Olivia Weisser, Graduate Program Director/Associate Professor, History

Olivia Weisser

Department:
History
Title:
Graduate Program Director/Associate Professor
Location:
McCormack Hall Floor 04

Biography

I joined the History Department at the University of Massachusetts Boston in 2012, after earning a PhD in the History of Medicine from Johns Hopkins University in 2010 and teaching writing at Princeton University for two years. My research focuses on health, healing, medicine, and the body in early modern England.

Area of Expertise

History of medicine; early modern Europe; British history; history of gender and sexuality

Degrees

PhD (History of Medicine) Johns Hopkins University

BA (History) Wesleyan University

Professional Publications & Contributions

Books

Journal Articles

  • “Poxed and Ravished: Venereal Disease in Early Modern Rape Trials,” (Winner of the Judith R. Walkowitz Prize) History Workshop Journal 91 (2021): 51-70.
  • "Histories of the Pox," History Compass (2021).
  • "Concepts of Contagion in Gideon Harvey’s Great Venus Unmasked,” Harvard Library Bulletin (2021).
  • "Treating the Secret Disease: Sex, Sin, and Authority in 18th-Century Venereal Cases," Bulletin of the History of Medicine 91 (2017): 685-712.
  • “Grieved and Disordered: Gender and Emotion in Early Modern Patient Narratives,” Journal of Medieval and Early Modern Studies 43 (2013): 247-273.
  • “Boils, Pushes, and Wheals: Reading Bumps on the Body in Early Modern England,” (Roy Porter Memorial Prize Essay) Social History of Medicine 22 (2009): 321-339.

Book Chapters

  • “A Cultural History of Disease from the Patient’s Perspective,” in A Cultural History of Medicine in the Renaissance (1450-1650), vol. 3, eds. Elaine Leong and Claudia Stein (Bloomsbury, 2021): 63-83.
  • “Affective Responses to Illness and Death,” in The Routledge History of Women in Early Modern Europe, ed. Amanda Capern (Routledge, 2019): 97-112.
  • “‘Poxt and Clapt Together’: Sexual Misbehavior in Early Modern Cases of Venereal Disease,” in The Hidden Affliction: Sex, Disease and Infertility in History, ed. Simon Szreter (University of Rochester Press, 2019): 68-89.

Additional Information

My first book, Ill Composed, examined how gender shaped patients’ perceptions in the 1600s and 1700s. The book was a finalist for the Berkshire Conference of Women Historians Book Award and short-listed for a British Medical Association Book Award.

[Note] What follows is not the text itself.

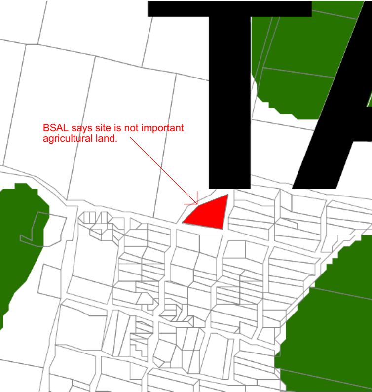
34 Hillas Street BSAL

I am currently finishing up a new book on venereal disease in the 1600s and 1700s. Although it is centered on a single disease in London, the book tells a broader story about urban life, everyday ideas about sexuality, medical retailing, and clinical practice. I also recently edited a book that provides an introduction to early modern medicine and primary source analysis. I am grateful to have received fellowships from the National Endowment for the Humanities, American Historical Association, Institute of Historical Research, and Huntington Library, among others.

Courses

  • Leeches to Lasers: Medicine and Health in America (HIST 171)
  • Health and Healing in Early Modern Europe (HIST 314)
  • Shakespeare’s London (HIST 322)
  • Gender, Sex, and Society (1600-1800) (HIST 481)
  • Pandemics (HIST 681)
  • Women’s Health and Healing (HIST 632)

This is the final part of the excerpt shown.